PALERMO – Il 23 maggio 2017 i killer ammazzano Giuseppe Dainotti in via D’Ossuna, nel rione Zisa, a Palermo. Le cimici sono accese da tempo a Porta Nuova. Registrano fibrillazioni, interrogativi e spunti investigativi. Nessuna certezza, però.
Due giorni dopo il delitto all’interno del carcere Pagliarelli Rosalia Spitaliere chiedeva al marito detenuto Paolo Calcagno, reggente del mandamento di Porta Nuova, se avesse appreso la notizia dell’omicidio. Poi, lo rassicurava: aveva fatto visita ai parenti della vittima.
Un’eventuale assenza sarebbe stata notata e male interpretata: “… lo hai sentito quello che è successo?… ci siamo andati… no? non dovevo ?… ma perché mi sono informata prima se tutti c’erano… e che dovevo fare ?…”. In effetti a rendere omaggio alla salma erano stati pure “quello che gli piace Gianni Celeste” e “sorriso”. Sono due dei tanti modi con cui vengono chiamati i fratelli Tommaso e Gregorio Di Giovanni.
Calcagno concordava con la scelta della donna e chiedeva se il fratello della vittima l’avesse riconosciuta. Non solo l’aveva riconosciuta, ma “mi ha detto pure… se c’era lui (ed indica il marito)… si stava tutto il tempo qua…”. Esequie e veglie funebri da sempre sono un momento delicato. Chi non si presenta ha qualcosa da nascondere e così si fa la corsa per non destare sospetti. È quasi scontato che anche il mandante dell’omicidio abbia recitato la sua parte, con la più scontata delle messe in scena.
Calcagno non ne sapeva davvero nulla. Chiedeva alla moglie se avesse appreso qualcosa sull’omicidio per il quale “tutti” erano rimasti sorpresi. Sono “cose che fanno solo male”, diceva.
L’omicidio Dainotti non ha ancora un colpevole. A indagare sono gli agenti della Squadra mobile, il cui lavoro si intreccia con quello dei carabinieri. Ci sono degli episodi che manifestazione l’esuberanza del boss assassinato. Un’esuberanza che gli è costata la vita. Sapeva che presto, sfruttando una inaspettata legge poi superata, le porte del carcere per lui si sarebbero aperte dopo venticinque anni. E prometteva a Salvatore Bonomolo, oggi pentito, che avrebbe fatto di tutto per aiutarlo. “Siccome io mi lamentavo… che non mi arrivavano i soldi – ha spiegato Bonomolo – allora Dainotti mi disse: ‘Non ti preoccupare, ché ora mando a mio cognato da reuccio, ca c’è iddu”.

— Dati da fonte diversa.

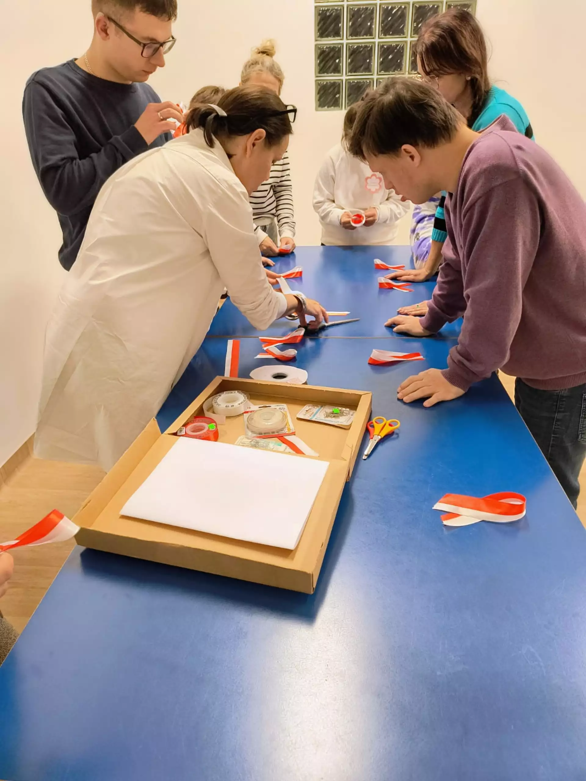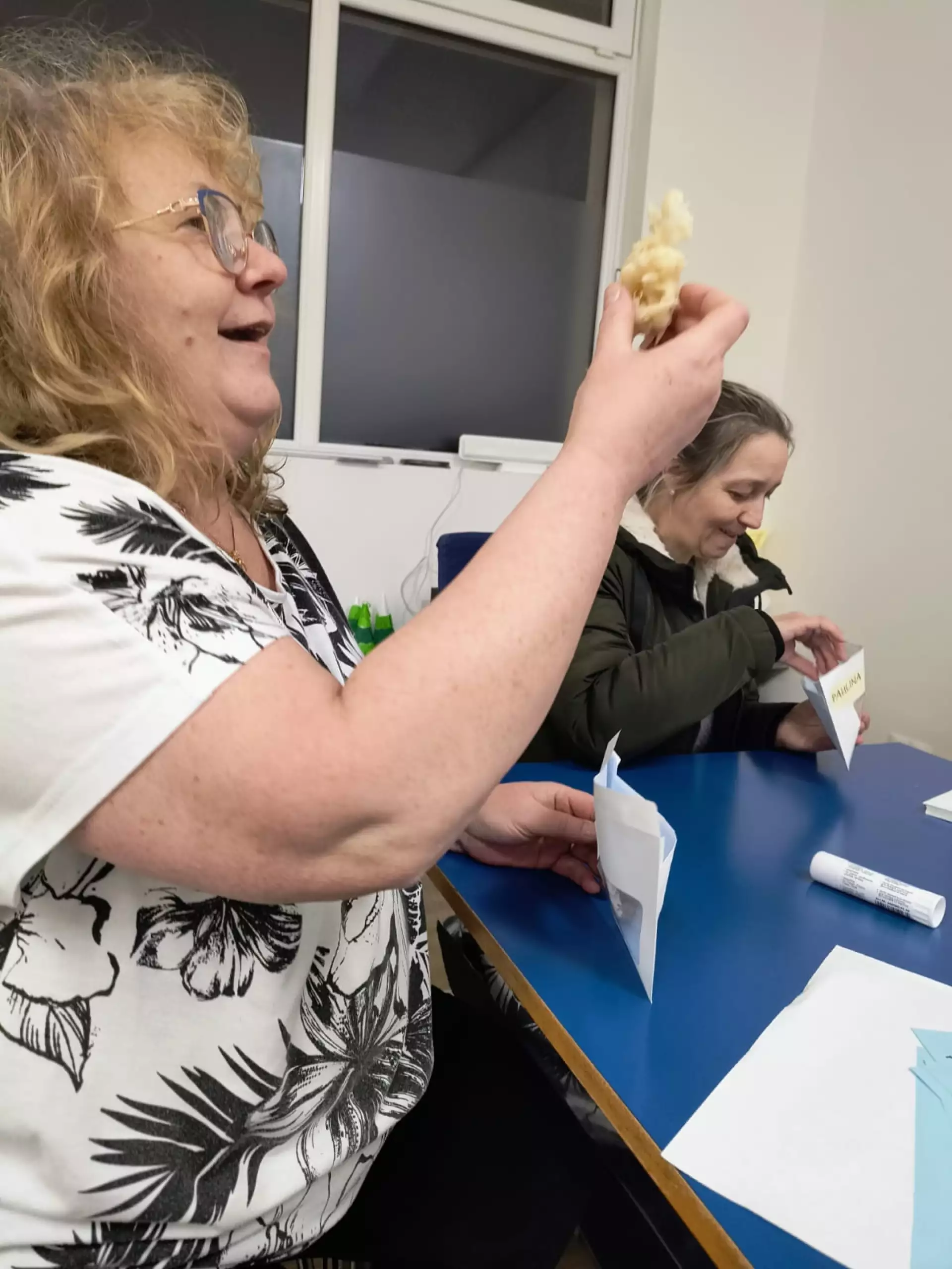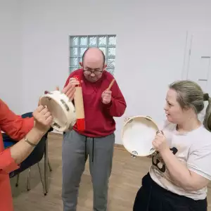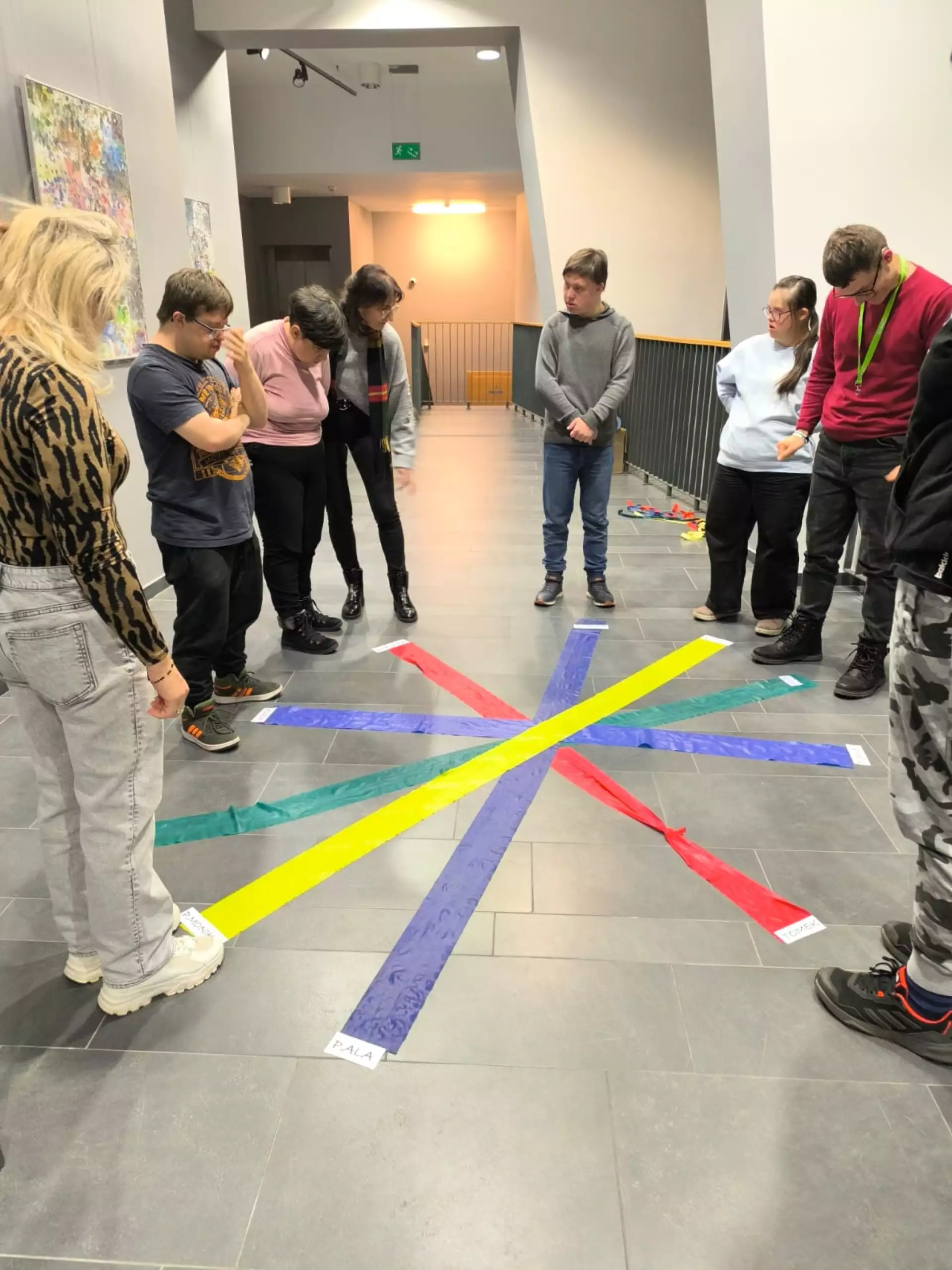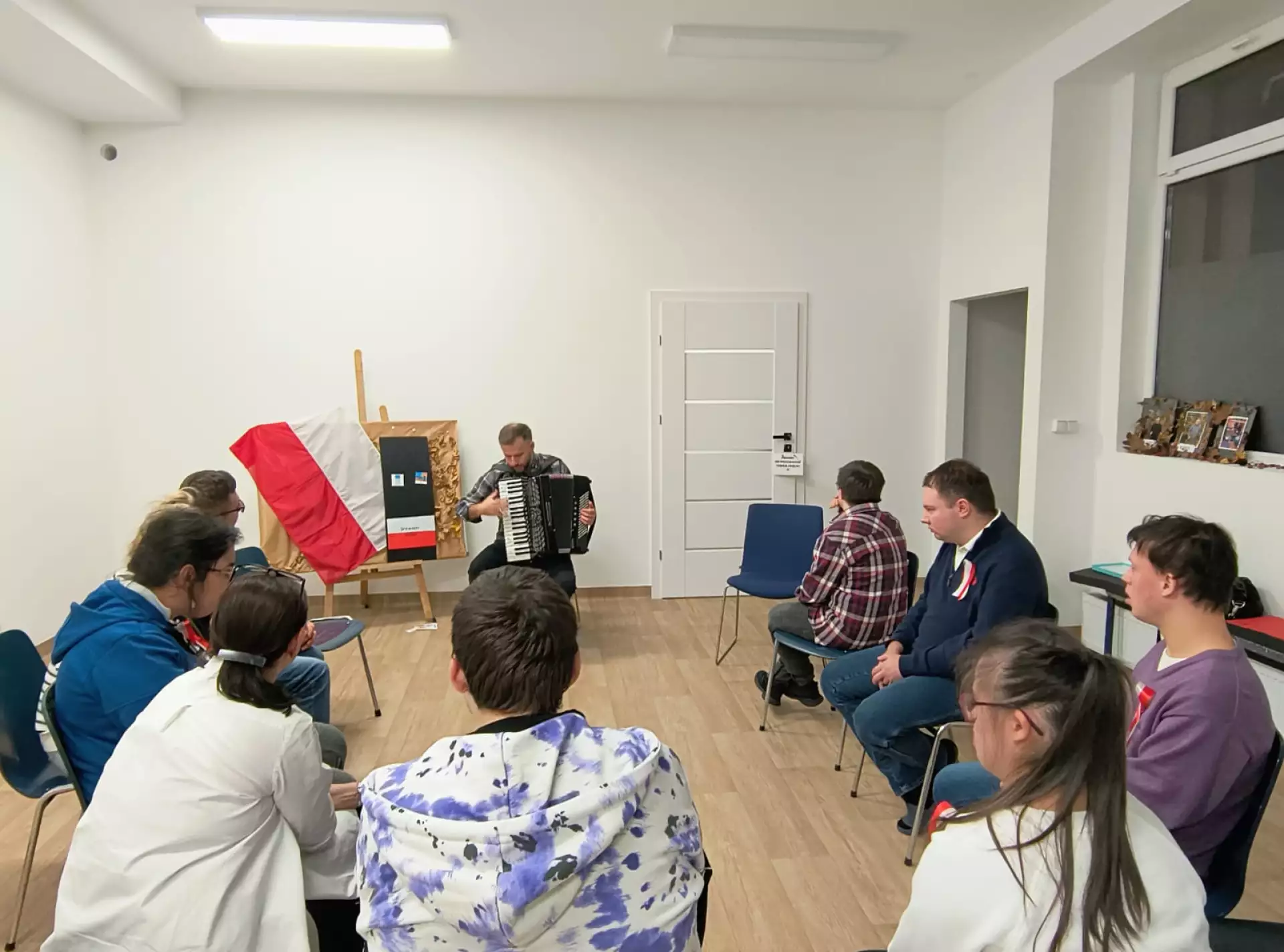Młodzież i dorośli uczestnicy projektu przygotowywali się tym razem do wyjścia do kawiarni. Uczyli się jak dokonywać wyboru z oferty kawiarnianego menu, trenowali sposoby zamawiania, prostej konwersacji i inne społeczne sytuacje w czasie pobytu w kawiarni. Co ciekawe, najpierw sami wybrali lokal z listy znanych już sobie miejsc w naszym mieście. Wybór padł na otwartą tej jesieni Zieloną Zośkę, miejsce przyjazne sensorycznie, z ograniczoną ilością bodźców, możliwością wyboru muzyki i przystosowania miejsca do podobnych spotkań, co ma ogromne znaczenie dla uczestników zajęć. Druga, jesienna seria zajęć była zgodnie z założeniami projektu muzyczna i artystyczna i miała na celu przygotowanie wszystkich grup do udziału w koncercie sensorycznym. W tracie zajęć uczestnicy między innymi spotkali się z profesjonalnym muzykiem, mieli okazję poznać instrument, próbowali sami improwizować i doświadczyć niezwykłej emisji żywej muzyki. Jedno z takich spotkań było zorganizowane z okazji Święta Niepodległości, było zatem i muzycznie i patriotycznie. W grupie nie brakuje mistrzów instrumentów perkusyjnych, są też miłośnicy wspólnego śpiewania. Muzyka była w trakcie przebiegu całego cyklu zajęć, tłem do różnych ekspresji ruchowych, tanecznych, plastycznych i relaksacyjnych. Dzięki gościnności i współpracy z KDK, jedno ze spotkań udało się zorganizować w Galerii Okno na Sztukę w Kutnowskim Domu Kultury na wystawie „ Mowa linii”. Artystyczne linie prac z wystawy Bogumiła Gardolińskiego były bardzo inspirujące… Warto dodać, że Stowarzyszenie jest częstym gościem tej Galerii i po raz kolejny terapeuci wykorzystali jej otwartą przestrzeń do wspólnej pracy i terapii.

Dainotti, dunque, avrebbe chiesto l’intervento di Gregorio Di Giovanni, tornato in carcere con l’accusa di avere fatto parte della Nuova Cupola di Cosa nostra. Niente da fare e soprattutto niente soldi per Bonomolo: “Dopo due mesi io ho ricevuto la risposta e m’ha detto: ‘Un tinni vuole mannare, perché tu tinni isti’, riferendosi alla scelta di Bonomolo di trasferirsi per un lungo periodo in Venezuela.
Che Dainotti si fosse messo in testa di riprendersi il posto che il carcere gli aveva tolto emergerebbe dalla vicenda dell’estorsione al bar Manila. Cesare Di Marco, durante la vecchia gestione di Rubens D’Agostino (pure lui in manette, ndr), aveva di fatto acquisito la titolarità del bar ubicato in via Galileo Galilei. Il locale fu sequestrato nel 2012. Di Marco non aveva “rispettato gli accordi verbali” con i soci della Dama sas, società riconducibile a D’Agostino, e intascava l’affitto della gestione affidata a una terza persona, un tunisino. Solo che nessuno era stato informato.
D’Agostino ne parlò con Tommaso Di Giovanni, fratello di Gregorio, poco prima che lo arrestassero di nuovo per scontare un residuo di pena. Di Giovanni lo avrebbe autorizzato a picchiare Di Marco. Quest’ultimo, però, cercò sponda in Salvatore Sorrentino, boss di Pagliarelli, Giuseppe Corona e nello stesso Dainotti.
D’Agostino fu uno dei primi a commentare la morte di Dainotti: “…. si è immischiato uno e questo lo hanno ammazzato… a quello… a Peppino Dainotti… questo è uscito dalla galera … è stato un anno fuori … e l’hanno ammazzato al Papireto… e due settimane prima si era immischiato lui.. per prenderci le difese a questo… però non c’entra niente… con la discussione no”. Lo diceva per allontanare ogni sospetto da se stesso.